### Requirement
Below are records with pictures in them. Output exactly the lines from the one with "不但可以让孩子认识各种工程车,还可以详细了解它们的工作原理。" through the one with "SPI 设备在进行通信的过程中, Master", both included, and leave every picture out; give only those lines.

### Dataset entries
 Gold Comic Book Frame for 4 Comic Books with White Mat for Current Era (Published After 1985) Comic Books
* * *
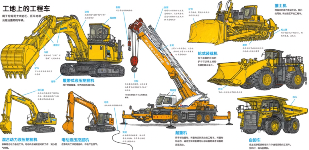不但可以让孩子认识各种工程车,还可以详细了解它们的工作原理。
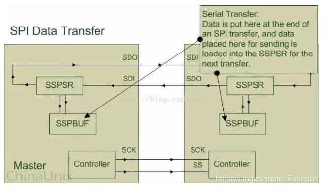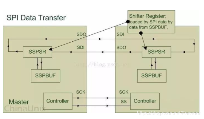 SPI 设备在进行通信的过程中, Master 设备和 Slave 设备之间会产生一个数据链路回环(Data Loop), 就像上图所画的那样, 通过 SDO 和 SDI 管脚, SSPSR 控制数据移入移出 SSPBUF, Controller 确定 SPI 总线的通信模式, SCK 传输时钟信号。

### Solution for this problem
不但可以让孩子认识各种工程车,还可以详细了解它们的工作原理。
 SPI 设备在进行通信的过程中, Master 设备和 Slave 设备之间会产生一个数据链路回环(Data Loop), 就像上图所画的那样, 通过 SDO 和 SDI 管脚, SSPSR 控制数据移入移出 SSPBUF, Controller 确定 SPI 总线的通信模式, SCK 传输时钟信号。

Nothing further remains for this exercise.